Record extracts Block Start
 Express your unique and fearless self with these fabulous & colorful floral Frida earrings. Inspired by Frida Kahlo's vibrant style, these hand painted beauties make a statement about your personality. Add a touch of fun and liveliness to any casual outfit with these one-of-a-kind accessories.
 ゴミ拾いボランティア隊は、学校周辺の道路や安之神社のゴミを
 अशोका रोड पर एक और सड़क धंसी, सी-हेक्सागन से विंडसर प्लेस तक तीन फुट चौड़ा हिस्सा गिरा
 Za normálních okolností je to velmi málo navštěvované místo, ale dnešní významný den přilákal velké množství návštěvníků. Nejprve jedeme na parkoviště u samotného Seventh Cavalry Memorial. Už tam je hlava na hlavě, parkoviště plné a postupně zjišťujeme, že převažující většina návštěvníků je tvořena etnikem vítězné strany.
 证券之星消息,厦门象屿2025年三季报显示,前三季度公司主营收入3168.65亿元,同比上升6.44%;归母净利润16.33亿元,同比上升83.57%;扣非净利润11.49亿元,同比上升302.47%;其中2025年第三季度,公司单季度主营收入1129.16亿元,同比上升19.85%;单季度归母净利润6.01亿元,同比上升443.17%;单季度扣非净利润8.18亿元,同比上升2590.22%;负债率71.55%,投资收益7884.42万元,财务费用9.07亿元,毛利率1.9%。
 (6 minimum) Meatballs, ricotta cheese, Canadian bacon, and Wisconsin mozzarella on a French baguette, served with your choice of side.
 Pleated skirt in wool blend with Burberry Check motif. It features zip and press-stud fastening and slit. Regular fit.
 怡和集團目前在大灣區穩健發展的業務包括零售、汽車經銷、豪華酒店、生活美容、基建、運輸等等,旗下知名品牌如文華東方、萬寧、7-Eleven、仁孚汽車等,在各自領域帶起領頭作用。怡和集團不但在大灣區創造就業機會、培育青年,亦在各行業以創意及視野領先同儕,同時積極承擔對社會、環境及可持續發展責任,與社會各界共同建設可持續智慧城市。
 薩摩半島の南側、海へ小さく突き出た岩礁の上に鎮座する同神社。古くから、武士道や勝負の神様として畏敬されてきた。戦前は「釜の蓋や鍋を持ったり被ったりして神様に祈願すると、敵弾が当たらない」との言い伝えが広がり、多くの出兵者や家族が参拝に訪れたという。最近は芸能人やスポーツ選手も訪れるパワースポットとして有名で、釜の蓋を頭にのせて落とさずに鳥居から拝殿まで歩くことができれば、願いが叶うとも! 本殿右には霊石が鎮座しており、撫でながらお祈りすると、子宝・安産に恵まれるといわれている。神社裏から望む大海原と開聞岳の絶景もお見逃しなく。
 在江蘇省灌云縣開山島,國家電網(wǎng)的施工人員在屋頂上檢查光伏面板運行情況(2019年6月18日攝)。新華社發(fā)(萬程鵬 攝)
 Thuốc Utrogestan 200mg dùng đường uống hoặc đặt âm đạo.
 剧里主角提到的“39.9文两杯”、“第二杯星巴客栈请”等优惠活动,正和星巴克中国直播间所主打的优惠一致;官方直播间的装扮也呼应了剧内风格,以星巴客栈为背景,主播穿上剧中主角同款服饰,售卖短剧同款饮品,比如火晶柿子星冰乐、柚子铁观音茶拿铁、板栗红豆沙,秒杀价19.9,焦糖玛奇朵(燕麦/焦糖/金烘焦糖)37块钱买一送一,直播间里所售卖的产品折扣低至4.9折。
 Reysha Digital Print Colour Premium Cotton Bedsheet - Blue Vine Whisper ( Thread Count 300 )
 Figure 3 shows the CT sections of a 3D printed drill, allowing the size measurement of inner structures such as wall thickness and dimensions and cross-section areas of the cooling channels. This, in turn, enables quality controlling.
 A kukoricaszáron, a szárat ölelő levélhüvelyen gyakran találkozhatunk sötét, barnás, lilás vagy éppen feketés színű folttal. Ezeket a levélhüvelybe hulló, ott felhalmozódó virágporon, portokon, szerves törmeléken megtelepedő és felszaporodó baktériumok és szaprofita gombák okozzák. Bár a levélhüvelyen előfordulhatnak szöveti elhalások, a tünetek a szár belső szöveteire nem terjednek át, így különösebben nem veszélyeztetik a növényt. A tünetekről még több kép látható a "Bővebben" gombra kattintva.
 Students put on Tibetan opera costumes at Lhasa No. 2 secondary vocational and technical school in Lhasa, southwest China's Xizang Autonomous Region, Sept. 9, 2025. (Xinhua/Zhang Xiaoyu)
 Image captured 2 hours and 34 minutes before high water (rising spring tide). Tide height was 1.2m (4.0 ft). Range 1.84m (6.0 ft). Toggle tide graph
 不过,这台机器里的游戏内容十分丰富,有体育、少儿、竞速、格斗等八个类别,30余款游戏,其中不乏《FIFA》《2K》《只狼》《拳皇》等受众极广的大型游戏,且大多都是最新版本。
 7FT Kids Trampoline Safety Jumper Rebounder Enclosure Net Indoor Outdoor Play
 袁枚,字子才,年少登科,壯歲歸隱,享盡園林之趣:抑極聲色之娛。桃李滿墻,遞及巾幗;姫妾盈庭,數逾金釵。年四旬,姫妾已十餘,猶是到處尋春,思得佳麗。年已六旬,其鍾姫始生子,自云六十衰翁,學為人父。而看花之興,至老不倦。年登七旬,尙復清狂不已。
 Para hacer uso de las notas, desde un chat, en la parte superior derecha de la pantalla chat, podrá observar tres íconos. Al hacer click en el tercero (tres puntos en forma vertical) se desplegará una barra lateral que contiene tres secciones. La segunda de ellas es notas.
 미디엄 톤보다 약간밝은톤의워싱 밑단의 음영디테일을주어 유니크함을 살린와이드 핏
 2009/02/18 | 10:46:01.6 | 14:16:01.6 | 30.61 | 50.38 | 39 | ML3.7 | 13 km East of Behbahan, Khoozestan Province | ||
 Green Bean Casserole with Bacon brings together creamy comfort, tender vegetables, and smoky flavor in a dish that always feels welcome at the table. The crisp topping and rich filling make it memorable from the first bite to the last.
Record extracts Block End
Once you have read the records above, write them out again exactly.

 Express your unique and fearless self with these fabulous & colorful floral Frida earrings. Inspired by Frida Kahlo's vibrant style, these hand painted beauties make a statement about your personality. Add a touch of fun and liveliness to any casual outfit with these one-of-a-kind accessories.
 ゴミ拾いボランティア隊は、学校周辺の道路や安之神社のゴミを
 अशोका रोड पर एक और सड़क धंसी, सी-हेक्सागन से विंडसर प्लेस तक तीन फुट चौड़ा हिस्सा गिरा
 Za normálních okolností je to velmi málo navštěvované místo, ale dnešní významný den přilákal velké množství návštěvníků. Nejprve jedeme na parkoviště u samotného Seventh Cavalry Memorial. Už tam je hlava na hlavě, parkoviště plné a postupně zjišťujeme, že převažující většina návštěvníků je tvořena etnikem vítězné strany.
 证券之星消息,厦门象屿2025年三季报显示,前三季度公司主营收入3168.65亿元,同比上升6.44%;归母净利润16.33亿元,同比上升83.57%;扣非净利润11.49亿元,同比上升302.47%;其中2025年第三季度,公司单季度主营收入1129.16亿元,同比上升19.85%;单季度归母净利润6.01亿元,同比上升443.17%;单季度扣非净利润8.18亿元,同比上升2590.22%;负债率71.55%,投资收益7884.42万元,财务费用9.07亿元,毛利率1.9%。
 (6 minimum) Meatballs, ricotta cheese, Canadian bacon, and Wisconsin mozzarella on a French baguette, served with your choice of side.
 Pleated skirt in wool blend with Burberry Check motif. It features zip and press-stud fastening and slit. Regular fit.
 怡和集團目前在大灣區穩健發展的業務包括零售、汽車經銷、豪華酒店、生活美容、基建、運輸等等,旗下知名品牌如文華東方、萬寧、7-Eleven、仁孚汽車等,在各自領域帶起領頭作用。怡和集團不但在大灣區創造就業機會、培育青年,亦在各行業以創意及視野領先同儕,同時積極承擔對社會、環境及可持續發展責任,與社會各界共同建設可持續智慧城市。
 薩摩半島の南側、海へ小さく突き出た岩礁の上に鎮座する同神社。古くから、武士道や勝負の神様として畏敬されてきた。戦前は「釜の蓋や鍋を持ったり被ったりして神様に祈願すると、敵弾が当たらない」との言い伝えが広がり、多くの出兵者や家族が参拝に訪れたという。最近は芸能人やスポーツ選手も訪れるパワースポットとして有名で、釜の蓋を頭にのせて落とさずに鳥居から拝殿まで歩くことができれば、願いが叶うとも! 本殿右には霊石が鎮座しており、撫でながらお祈りすると、子宝・安産に恵まれるといわれている。神社裏から望む大海原と開聞岳の絶景もお見逃しなく。
 在江蘇省灌云縣開山島,國家電網(wǎng)的施工人員在屋頂上檢查光伏面板運行情況(2019年6月18日攝)。新華社發(fā)(萬程鵬 攝)
 Thuốc Utrogestan 200mg dùng đường uống hoặc đặt âm đạo.
 剧里主角提到的“39.9文两杯”、“第二杯星巴客栈请”等优惠活动,正和星巴克中国直播间所主打的优惠一致;官方直播间的装扮也呼应了剧内风格,以星巴客栈为背景,主播穿上剧中主角同款服饰,售卖短剧同款饮品,比如火晶柿子星冰乐、柚子铁观音茶拿铁、板栗红豆沙,秒杀价19.9,焦糖玛奇朵(燕麦/焦糖/金烘焦糖)37块钱买一送一,直播间里所售卖的产品折扣低至4.9折。
 Reysha Digital Print Colour Premium Cotton Bedsheet - Blue Vine Whisper ( Thread Count 300 )
 Figure 3 shows the CT sections of a 3D printed drill, allowing the size measurement of inner structures such as wall thickness and dimensions and cross-section areas of the cooling channels. This, in turn, enables quality controlling.
 A kukoricaszáron, a szárat ölelő levélhüvelyen gyakran találkozhatunk sötét, barnás, lilás vagy éppen feketés színű folttal. Ezeket a levélhüvelybe hulló, ott felhalmozódó virágporon, portokon, szerves törmeléken megtelepedő és felszaporodó baktériumok és szaprofita gombák okozzák. Bár a levélhüvelyen előfordulhatnak szöveti elhalások, a tünetek a szár belső szöveteire nem terjednek át, így különösebben nem veszélyeztetik a növényt. A tünetekről még több kép látható a "Bővebben" gombra kattintva.
 Students put on Tibetan opera costumes at Lhasa No. 2 secondary vocational and technical school in Lhasa, southwest China's Xizang Autonomous Region, Sept. 9, 2025. (Xinhua/Zhang Xiaoyu)
 Image captured 2 hours and 34 minutes before high water (rising spring tide). Tide height was 1.2m (4.0 ft). Range 1.84m (6.0 ft). Toggle tide graph
 不过,这台机器里的游戏内容十分丰富,有体育、少儿、竞速、格斗等八个类别,30余款游戏,其中不乏《FIFA》《2K》《只狼》《拳皇》等受众极广的大型游戏,且大多都是最新版本。
 7FT Kids Trampoline Safety Jumper Rebounder Enclosure Net Indoor Outdoor Play
 袁枚,字子才,年少登科,壯歲歸隱,享盡園林之趣:抑極聲色之娛。桃李滿墻,遞及巾幗;姫妾盈庭,數逾金釵。年四旬,姫妾已十餘,猶是到處尋春,思得佳麗。年已六旬,其鍾姫始生子,自云六十衰翁,學為人父。而看花之興,至老不倦。年登七旬,尙復清狂不已。
 Para hacer uso de las notas, desde un chat, en la parte superior derecha de la pantalla chat, podrá observar tres íconos. Al hacer click en el tercero (tres puntos en forma vertical) se desplegará una barra lateral que contiene tres secciones. La segunda de ellas es notas.
 미디엄 톤보다 약간밝은톤의워싱 밑단의 음영디테일을주어 유니크함을 살린와이드 핏
 2009/02/18 | 10:46:01.6 | 14:16:01.6 | 30.61 | 50.38 | 39 | ML3.7 | 13 km East of Behbahan, Khoozestan Province | ||
 Green Bean Casserole with Bacon brings together creamy comfort, tender vegetables, and smoky flavor in a dish that always feels welcome at the table. The crisp topping and rich filling make it memorable from the first bite to the last.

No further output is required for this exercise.